- DVD cover
- Directed by: Anita Udeep
- Written by: Anita Udeep
- Produced by: Anita Udeep
- Starring: Rathi Suhaas Ahuja
- Cinematography: Preetha Jayaraman
- Edited by: Sundeep V Menon
- Music by: Mahesh Shankar
- Production companies: N-Viz Entertainment Pentamedia
- Release date: 26 December 2003;
- Running time: 150 minutes
- Country: India
- Language: English
- Budget: ₹80-85 lakh
- Box office: ₹3.5 lakh

= Knock Knock, I'm Looking to Marry =

Indian romantic drama film

Knock Knock, I'm Looking to Marry is a 2003 Indian English-language romance film directed by Anita Udeep and starring Rathi and Suhaas Ahuja.

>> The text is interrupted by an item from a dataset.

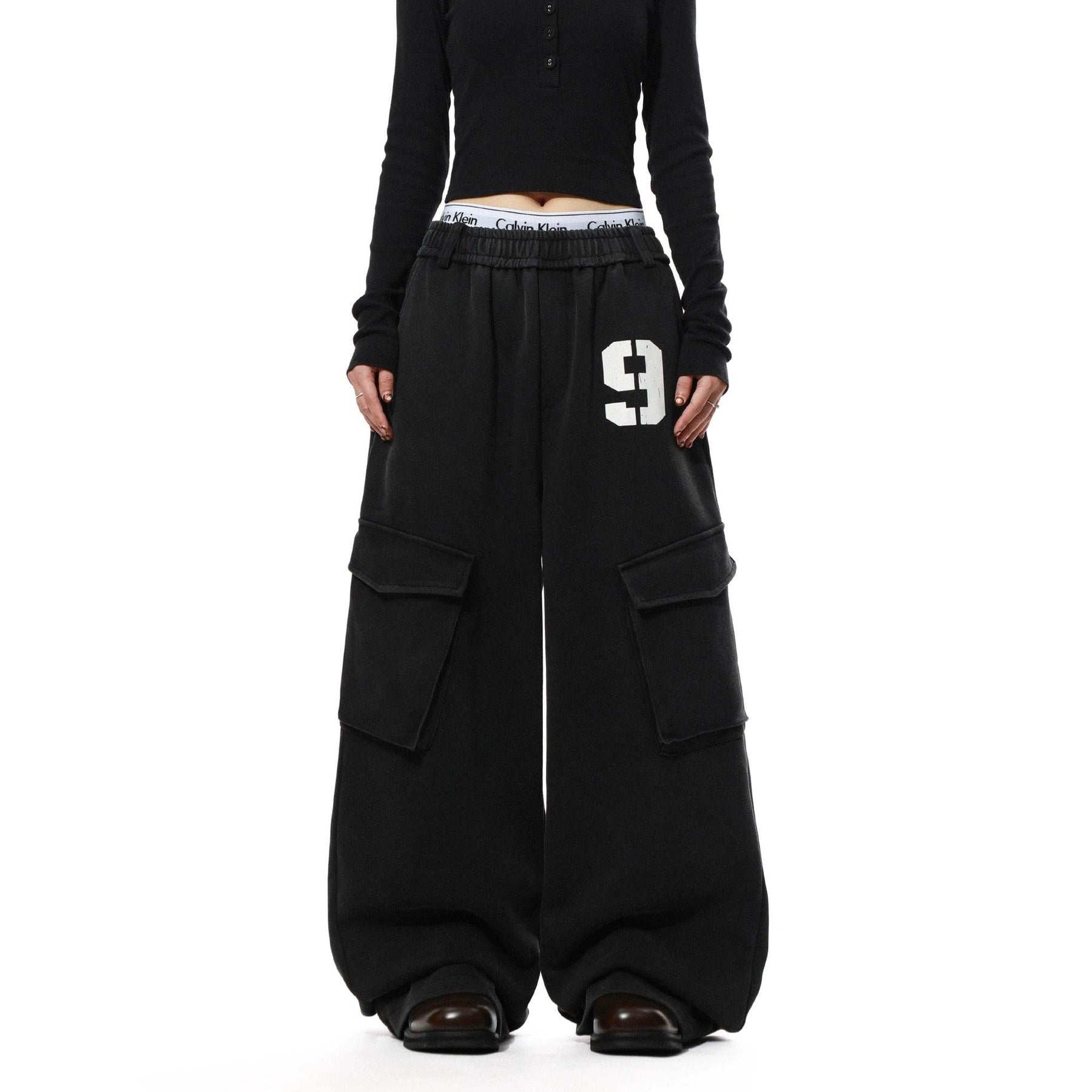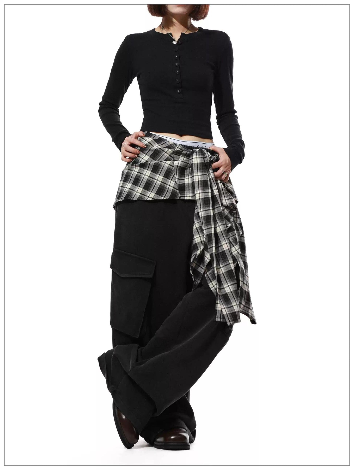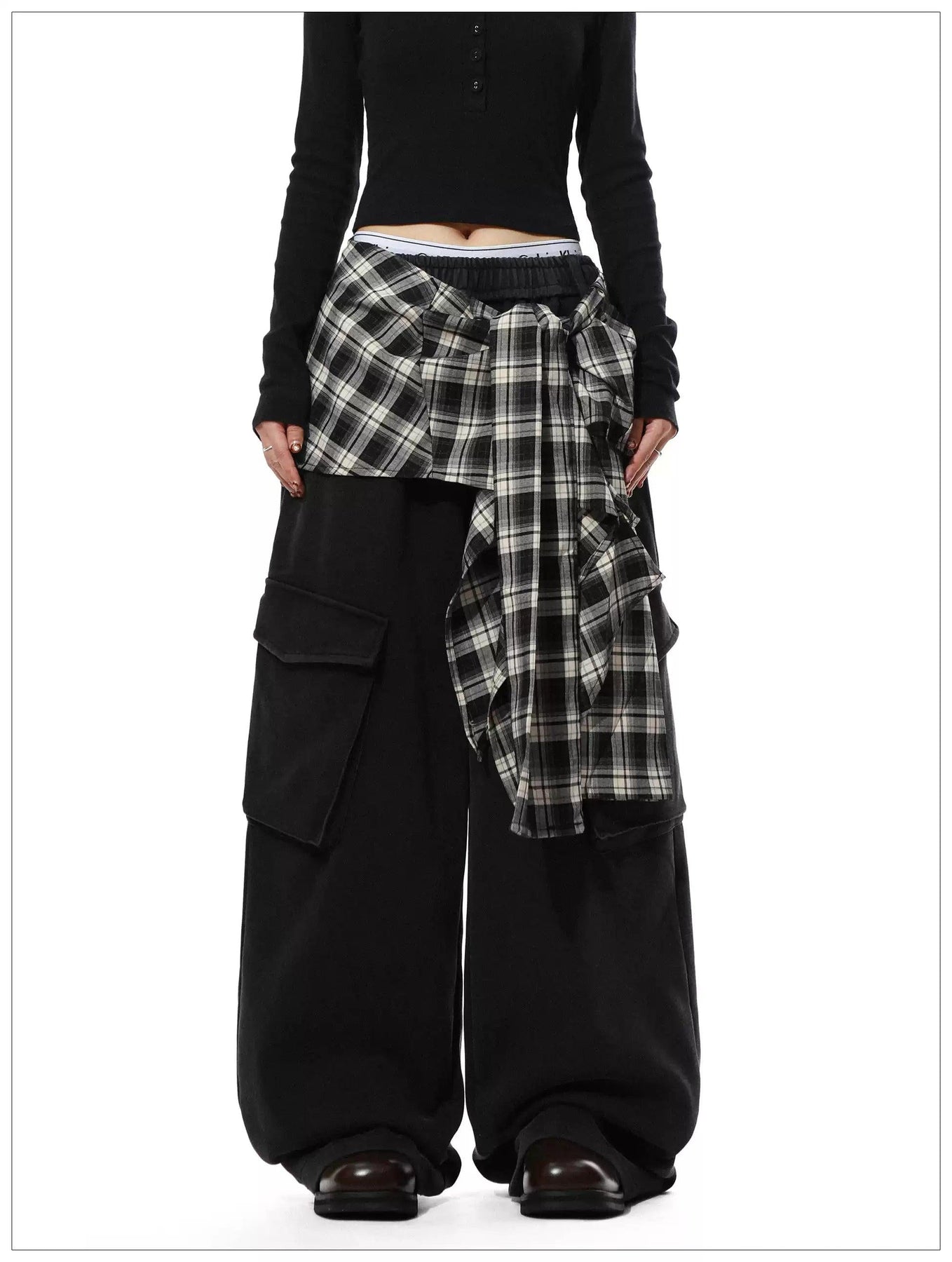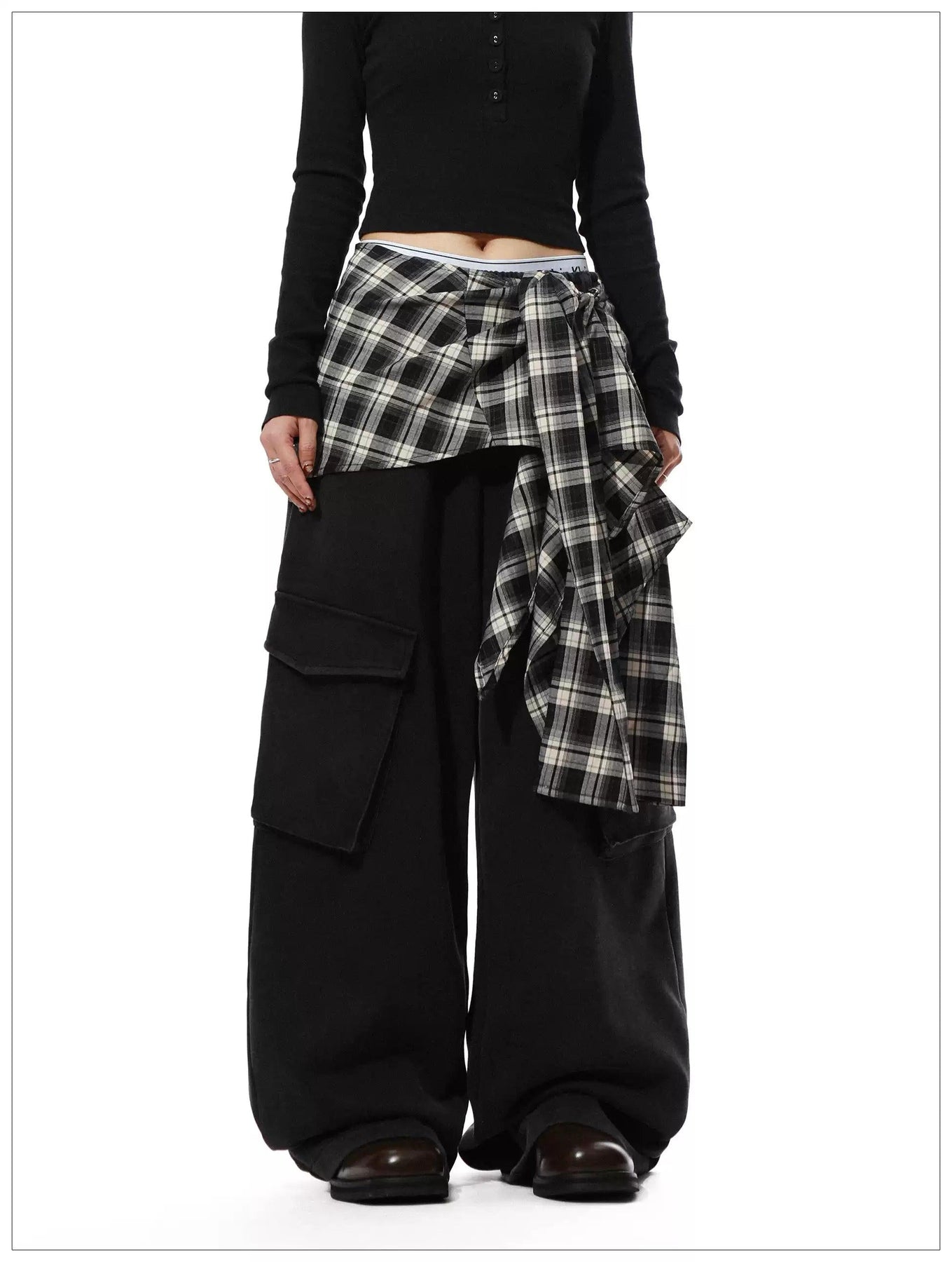 Number Printed Plaid Layered Cargo Pants

The film is about the dilemma faced by the newer generation about whether to love someone first or to marry them first and love them afterwards.

== Plot ==
24-year-old Nithya, a Tamil Brahmin software engineer working for a MNC, is pressured by her parents to get married in the next two months. Her parents try to find her a groom through arranged marriage. Meanwhile, 26-year-old Sandeep, a Punjabi software engineer also working for a MNC, is confident to find a girl for himself. Nithya and Sandeep meet in an acting class and become friends. Eventually, Nithya and Sandeep realised that they are in love.

== Cast ==
- Rathi as Nithya
- Suhaas Ahuja as Sandeep
- A. C. Murali Mohan as Nithya's father
- Geetha Ravishankar as Nithya's mother
- Bagiarathy Narayanan

==Production==
Anita Udeep made her directorial debut through this film, which shows the difference between parents and their children's way of thinking. This film marked the film debut of Suhaas Ahuja after his other two films during that time did not release. This film marked the independent debut of Preetha Jayaraman, the daughter of P. C. Sreeram. The film was shot in Bangalore and Chennai.

== Soundtrack ==
The music features seven tracks by Mahesh Shankar that were shortened into one-minute bit songs. The songs were promoted on SS Music.

== Release and reception ==
The film was released in Bangalore, Chennai and Hyderabad (in three prints including Prasads Multiplex) on 26 December 2003.

Suresh Krishnamoorthy of The Hindu wrote that "The film has good and pleasant, racy music that would appeal to the youth by Mahesh Shankar" and added that "Special mention is required for the cinematography by Preetha Jeyaraman [...] A majority of the indoor scenes reveal the liberal use of cross-lighting, which has a natural look. The use of very little make-up for the artistes has helped retain the originality of the character".